Ans. The straight line method and the written down value method are two different approaches used for depreciation accounting. The straight line method evenly spreads the cost of an asset over its useful life, while the written down value method allows for a higher depreciation expense in the earlier years and lower expenses in the later years.
2. Which method is commonly used for financial reporting purposes?
Ans. The straight line method is commonly used for financial reporting purposes as it provides a more consistent and predictable depreciation expense over the useful life of an asset. This allows for easier comparison of financial statements and better transparency for investors and stakeholders.
3. How do these methods impact the value of an asset over time?
Ans.

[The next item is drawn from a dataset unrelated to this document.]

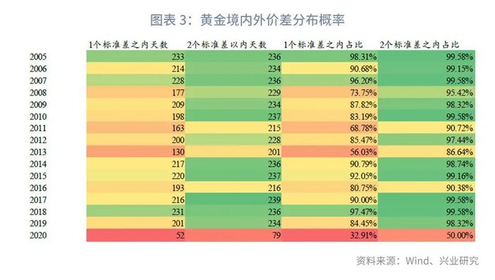 一、黄金境内外价差的统计规律
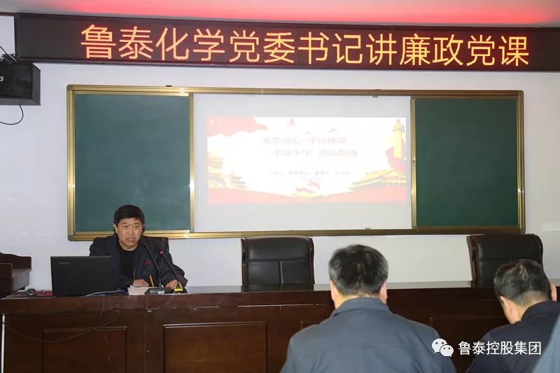 为进一步深化党风廉政建设,强化党员干部责任担当意识,12月27日下午,鲁泰化学党委书记、董事长张玉标在行政楼四楼培训中心教室为全体党员上了一堂生动、深刻的廉政党课。鲁泰化学80余名党员参加活动。

The straight line method gradually reduces the value of an asset in a linear manner, while the written down value method results in a steeper decline in the asset's value in the initial years and a slower decline in the later years. Ultimately, both methods will result in the same total depreciation expense over the asset's useful life.
4. Which method is more suitable for assets that have a higher rate of obsolescence or technological advancements?
Ans. The written down value method is more suitable for assets that have a higher rate of obsolescence or technological advancements. This is because it allows for a higher depreciation expense in the earlier years, reflecting the faster decline in the asset's value due to technological advancements or obsolescence.
5. How do these methods affect the calculation of an asset's book value?
Ans. The straight line method gradually reduces an asset's book value over its useful life, while the written down value method results in a more accelerated reduction in the asset's book value. This means that the book value of an asset will be lower when using the written down value method compared to the straight line method, especially in the earlier years of the asset's life.